重複があるとは、選択肢の中から複数の個体を抽出するに際して、同一の個体を繰り返し選択しても良い、との意味です。各個体は何度でも抽出できます。

また組合せなので、個体の抽出の順序や並べ方は考慮しません。身近な例としては、オンラインショップでの買い物やカクテルの作り方などが挙げられましょう。これらは同一の選択肢を選び続けても良く、また其の順番は問われません。

重複のある組合せ数の方程式は、以下の通りです。

重複のある組合せ数 \(={}_{n+r-1}C_r=\displaystyle{\frac{(n+r-1)!}{(n-r)!r!}}\)

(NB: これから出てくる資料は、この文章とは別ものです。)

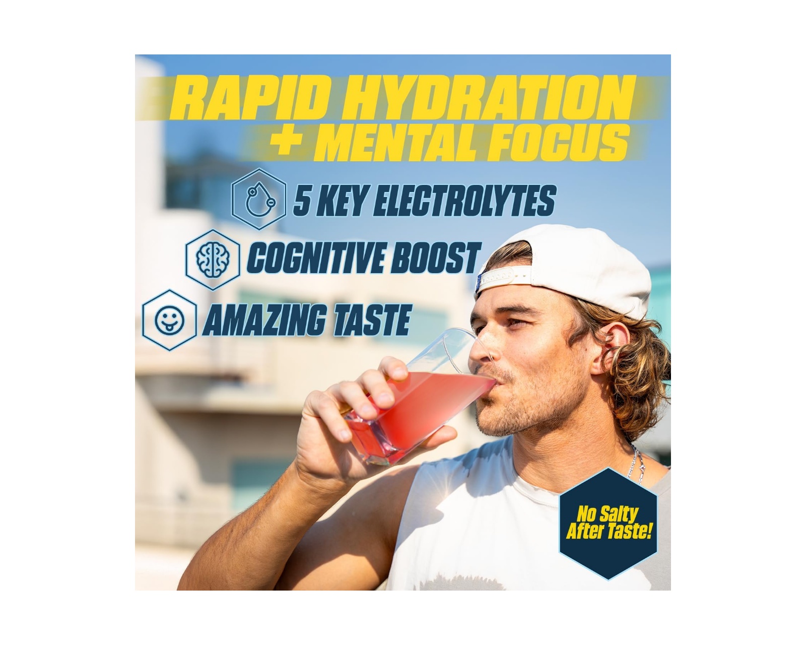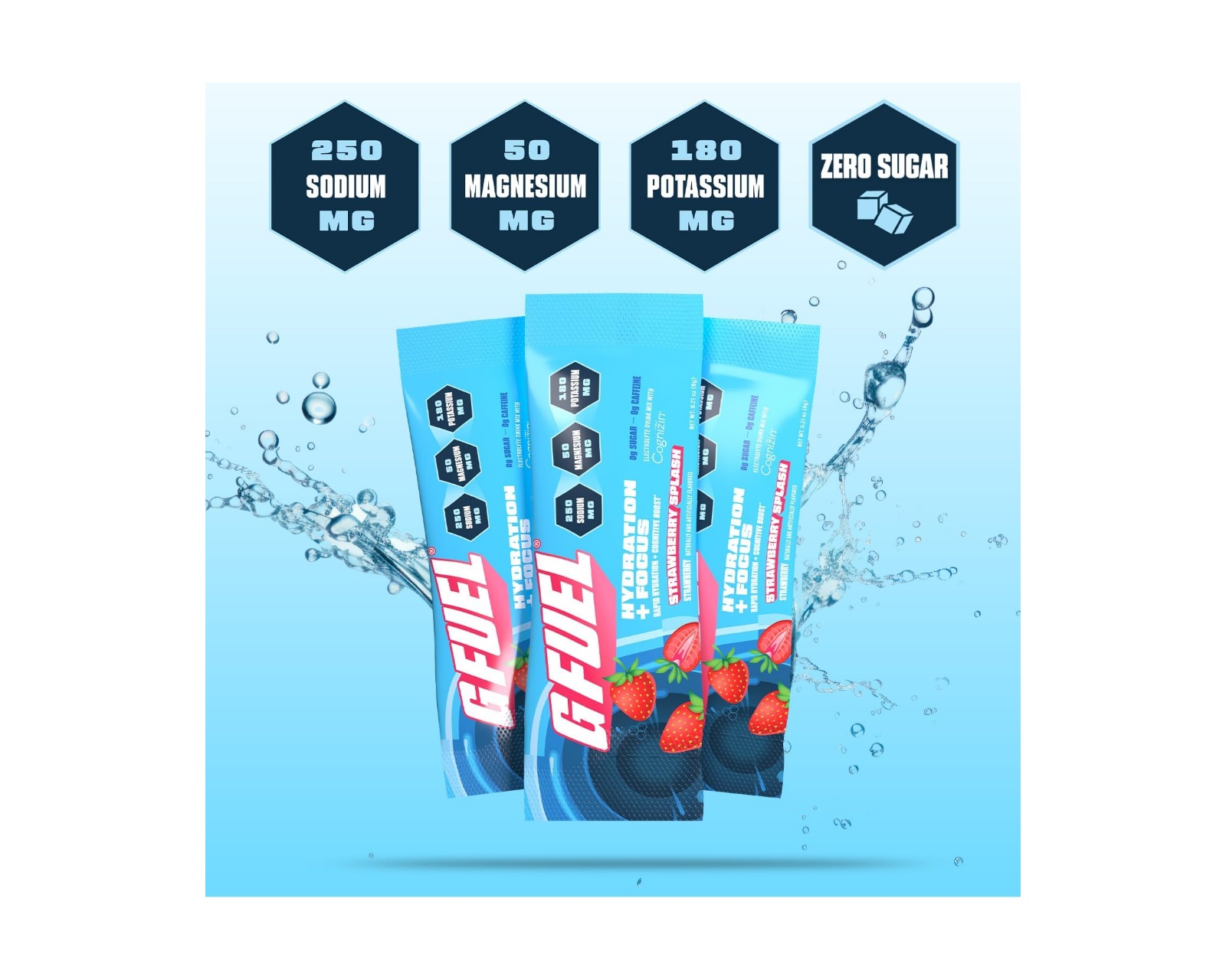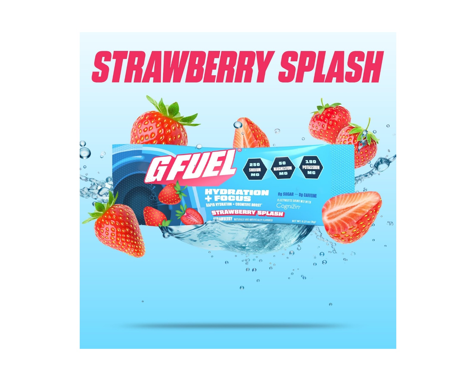 Jordgubbssplash Hydration + Focus Pack is an electrolyte powder from G Fuel that offers quick hydration and support for mental clarity. The product is sugar-free and has a strawberry flavor, making it a suitable drink for gamers and individuals who need extra focus during activities. Each package contains 20 servings.The product features an advanced blend of five key electrolytes, ensuring optimal hydration and clear mental clarity. The powder contains 250 mg of sodium, 50 mg of magnesium, and 180 mg of potassium per serving, effectively supporting brain capacity without a salty aftertaste. The powder is formulated with Cognizin to promote attention and memory.

なお重複のある組合せ数の方程式としては、nHrと表現される場合もあります。しかし当該表記は日本独自なので、可能な限り、使用は控えるが賢明です。

MS社の表計算ソフトExcelでは、関数COMBINA(選択肢数,抽出数)にて計算されます。COMBINAは英単語Combinationの略語であり、其の和訳は組合せ・連結です。

④ 重複のある順列

同じ個体を繰り返し抽出でき、また並び順を考慮する時に、其の選択は重複のある順列となります。日常生活で馴染み深い重複のある順列としては、銀行の口座番号や金庫の暗証番号などが挙げられます。

重複のある順列数の方程式は、以下の通りです。

重複のある順列数 \(=n^r\)

なお重複のある順列数の方程式としては、nΠrとの表現も散見されます。しかし当該表現は日本独自なので、可能な限り、使用は控えるが良いでしょう。

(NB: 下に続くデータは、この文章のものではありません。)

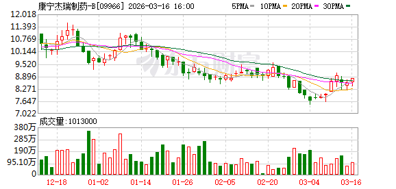 3月16日,康宁杰瑞制药(09966)发布公告,公司自主研发的程序性死亡配体(PD-L1)/血管内皮生长因子受体2(VEGFR2)双特异性抗体偶联药物(ADC)JSKN027治疗晚期恶性实体瘤的I期临床研究,已完成首例患者给药。

MS社の表計算ソフトExcelでは、関数PERMUTATIONA(選択肢数,抽出数)にて計算されます。PERMUTATIONAは英単語Permutationalの意であり、其の和訳は順列・並べ方の形容詞です。

本日の終わりに

順列や組合せに関する知識は、日常生活の様々な場面にて、我々の意思決定を然りげ無く支援してくれると期待されます。また順列及び組合せの知識なくして、正確な確率の計算は叶いません。方程式を丸暗記する必要はありませんが、CとPの違いはしっかりと理解しておきたい処ではあります。

第4章では、ベルヌーイ分布及び二項分布についてお話しする予定です。これまでは基本的な事柄のみを扱って参りましたが、いよいよ次回から、本格的に統計学らしい内容となります。お目汚し失礼致しました。近い将来に、またお逢いできたら幸いです。